#### WHAT TO PRODUCE
The full listing, written out exactly and without images, is the expected result.

#### DATA BELOW
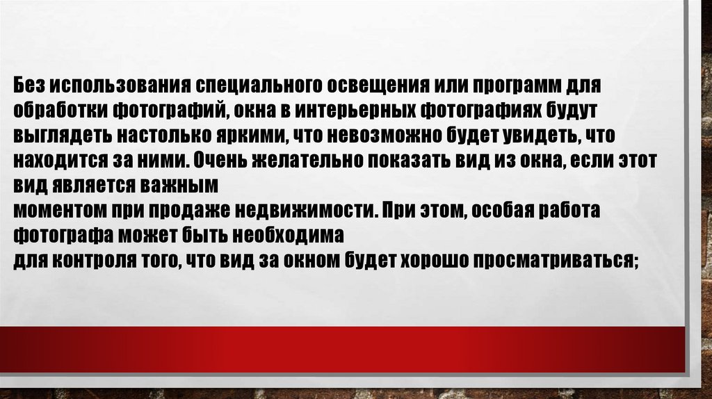 Без использования специального освещения или программ дляобработки фотографий, окна в интерьерных фотографиях будут
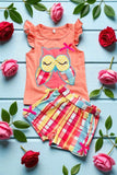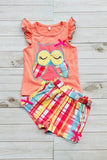 • Top features with plaid owl embroidery with bow on the coral background with flutter ruffle sleeves.
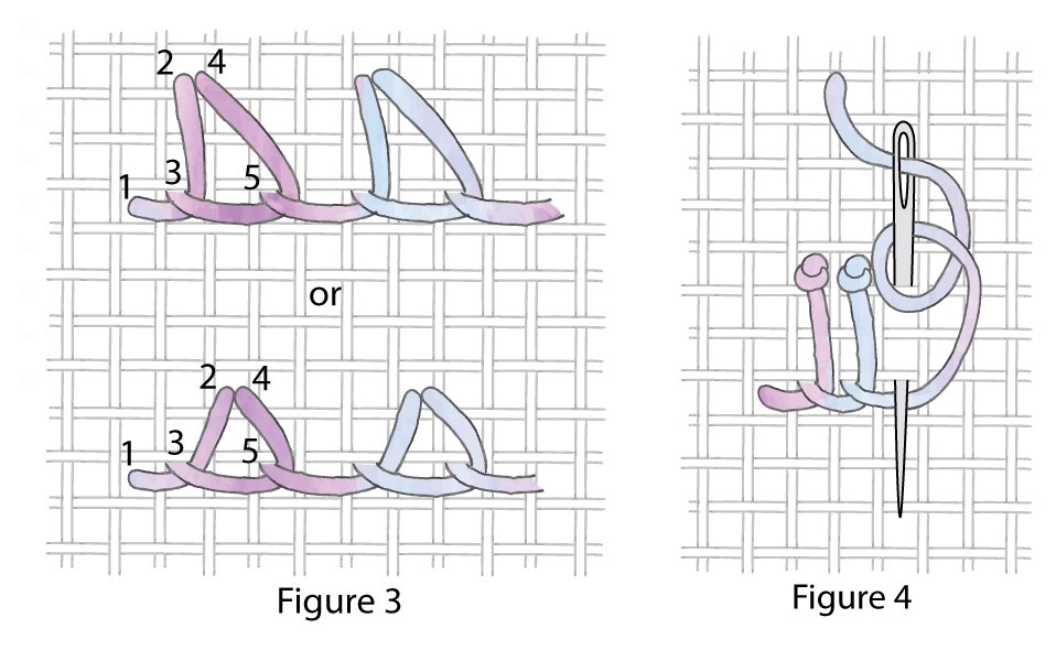 The buttonhole stitch and all of its variations can be worked on either evenweave or nonevenweave (plain) fabrics and with many types of thread or yarn. Its best-known variation is the versatile blanket or open buttonhole stitch (Figure 2), which is simply the buttonhole stitch with its upright legs spaced at varying distances apart. Unfortunately, the buttonhole and blanket stitches have lately become almost synonymous because of their misnaming by some present-day authors and designers, but I strongly feel that the basic distinction between them, leg spacing, should still be acknowledged.

#### WRITTEN RESPONSE
 Без использования специального освещения или программ дляобработки фотографий, окна в интерьерных фотографиях будут
 • Top features with plaid owl embroidery with bow on the coral background with flutter ruffle sleeves.
 The buttonhole stitch and all of its variations can be worked on either evenweave or nonevenweave (plain) fabrics and with many types of thread or yarn. Its best-known variation is the versatile blanket or open buttonhole stitch (Figure 2), which is simply the buttonhole stitch with its upright legs spaced at varying distances apart. Unfortunately, the buttonhole and blanket stitches have lately become almost synonymous because of their misnaming by some present-day authors and designers, but I strongly feel that the basic distinction between them, leg spacing, should still be acknowledged.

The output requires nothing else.